= Daniel Rumpius =

German Lutheran theologian (1549–1600)

Daniel Rumpius (or Daniel Rump; 1549 – c. 1600) was a German Lutheran theologian, minister and hymnwriter.

Rump worked in Stepenitz, now part of Marienfließ, and at the nuns' monastery there, Nonnenstift Marienfließ which had turned Protestant. He wrote several sacred songs and hymns, partly adapted from secular models. He suffered a fire in his village, losing his property, and was severely sick. Reconvalescent, he began again to write poetry, calling it "singing songs with tears" ("mit Tränen Lieder zu singen").

He published in Uelzen in 1587 the song booklet Liedbüchlein / Darinn begriffen Lehre / Trost / Vermanung … including doctrine, consolation and admonition. Only one copy is extant, held by the Herzog August Bibliothek in Wolfenbüttel.
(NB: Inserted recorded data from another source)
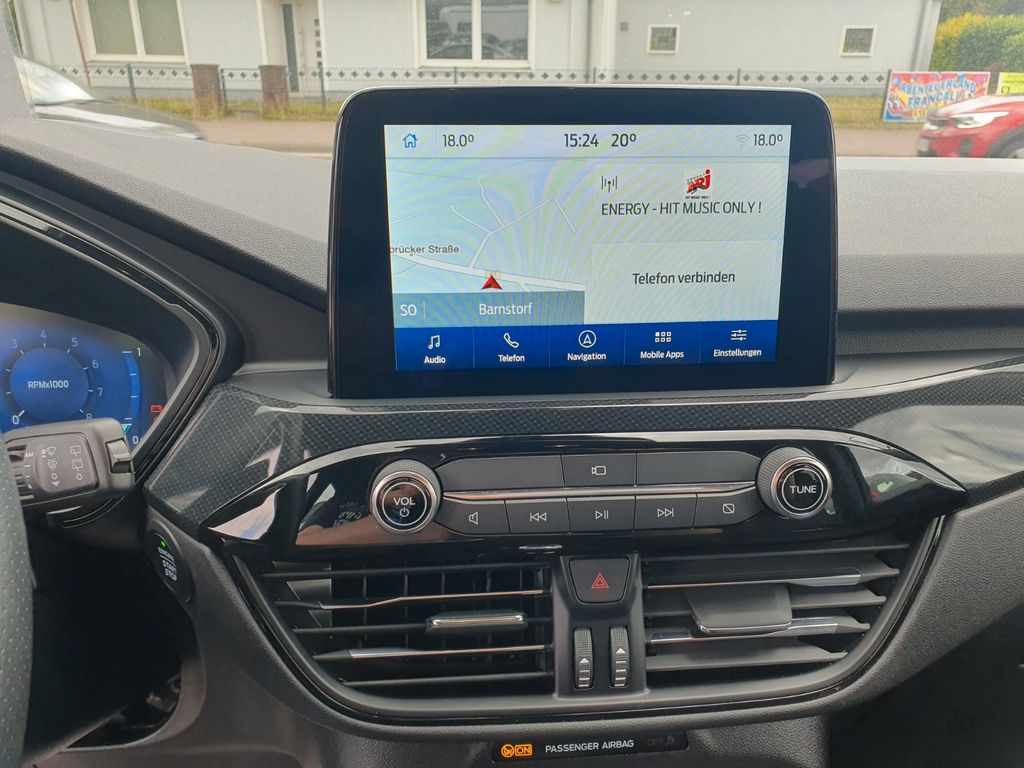 Ambiente-Beleuchtung vorn (LED), Antischlupfregelung (ASR), Audio-Navigationssystem Ford mit AppLink, Außenspiegel elektr. anklappbar, Außenspiegel elektr. verstell- und heizbar, Body-Styling-Paket, Bordcomputer, Brillenfach in Dachhimmel / Dachkonsole integriert, Dachhimmel Stoff, dunkel, Dachreling schwarz, Dachspoiler Wagenfarbe, Doppelendrohr Auspuffanlage, Eco-Anzeige für verbrauchsoptimiertes Fahren (EcoCoach), Fahrassistenz-System: Notbrems-Assistent, Fahrassistenz-System: Post-Collision-System, Fahrassistenz-System: Pre-Collision-System, Fahrassistenz-System: Spurhalteassistent, Fensterheber elektrisch vorn + hinten mit Komfortschließung, FordPass Connect inkl. eCall, Fußmatten ST-Design, Gepäckraumabdeckung / Rollo, Heckleuchten LED, Induktionsladeschale für mobile Endgeräte, Innenspiegel mit Abblendautomatik, Intelligent Protection System (IPS), Isofix-Aufnahmen für Kindersitz, Karosserie: 5-türig, Klimaautomatik 2-Zonen, Kombiinstrument Digitalanzeige 12,3 Zoll, Kopfstützen vorn 4-fach verstellbar, Lenkrad (Sport/Leder, ST), Lenksäule (Lenkrad) höhen-/längsverstellbar, LM-Felgen, Motor 1,5 Ltr. - 110 kW EcoBoost KAT (1496 ccm), My Key (2. Fahrzeugschlüssel programmierbar), Nebelscheinwerfer LED, Parkbremse elektrisch mit Auto-Hold-Funktion, Parkpilotsystem vorn und hinten, Pedale Aluminium, Radstand 2710 mm, Reifen-Reparaturkit, Reifendruck-Kontrollsystem, Rücksitzlehne geteilt, Rücksitzlehne klappbar, Schadstoffarm nach Abgasnorm Euro 6d-TEMP, Schalt-/Wählhebelgriff Aluminium, Scheibenrahmen schwarz, Scheinwerfer mit Ausschaltverzögerung, Scheinwerfer-Assistent mit Tag-/Nachtsensor, Sitz vorn links verstellbar (8-fach), Sitz vorn rechts verstellbar (8-fach), Sitzheizung vorn, Sonnenblende links mit Spiegel (beleuchtet), Sonnenblende rechts mit Spiegel (beleuchtet), Sport-Fahrwerk, Sportsitze, Start/Stop-Anlage
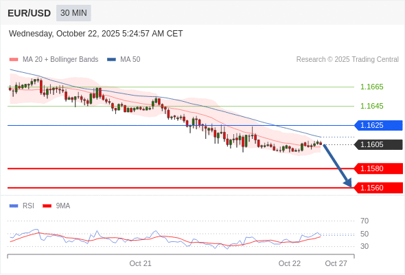 在 1.1625 之下,看跌,目标价位为 1.1580 ,然后为 1.1560 。
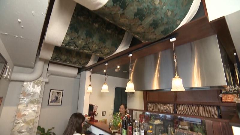 中に入ると、温かみのある和モダンな店内が広がっていました。まず天井を見上げてみてください。波打つように飾られているのは西陣織です。
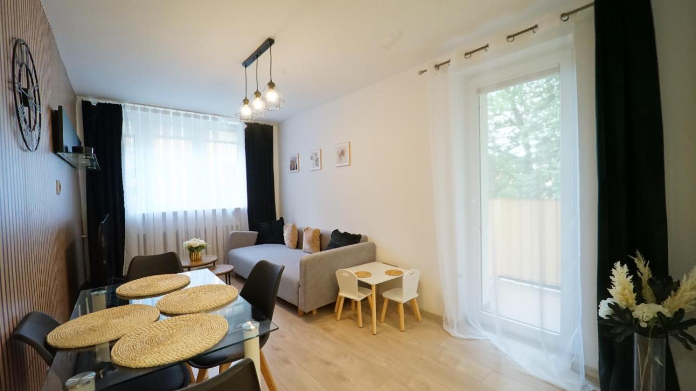 Apartament Rodzinny z 1 sypialnią. This apartment includes 1 living room, 1 separate bedroom and 1 bathroom with a shower. In the well-equipped kitchenette, guests will find a stovetop, a refrigerator, a dishwasher and kitchenware. The apartment offers a washing machine, an electric kettle, heating, as well as a TV. The unit has 3 beds. Apartament - 4 osobowy. Powierzchnia pokoju ok.: 35 mkw.
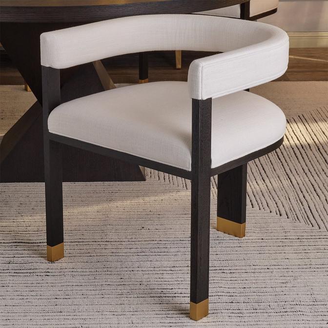 The Koine Dining Chair displays elegance from every angle. With its crisp white linen upholstery and sturdy oak tri-leg frame in deep espresso, it combines comfort and style beautifully. Finished with brass ferrule hardware, this chair enhances any space, whether as a pair in your living room or around your dining table.
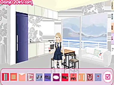 Our friend has moved to a new apartment to live on her own. Help her decorate the house so it looks cool; you can also make her up and do her hair in the bathoroom and put on her outfits in the closet.

One of its songs, the Advent "Der Morgenstern ist aufgedrungen" with a melody by Michael Praetorius, is part of the current Protestant hymnal Evangelisches Gesangbuch as EG 69.

== Literature ==
- Konrad Ameln, Ernst Sommer: Das Liedbüchlein des Daniel Rump / Ülzen 1587. In: Jahrbuch für Liturgik und Hymnologie 1 (1955), .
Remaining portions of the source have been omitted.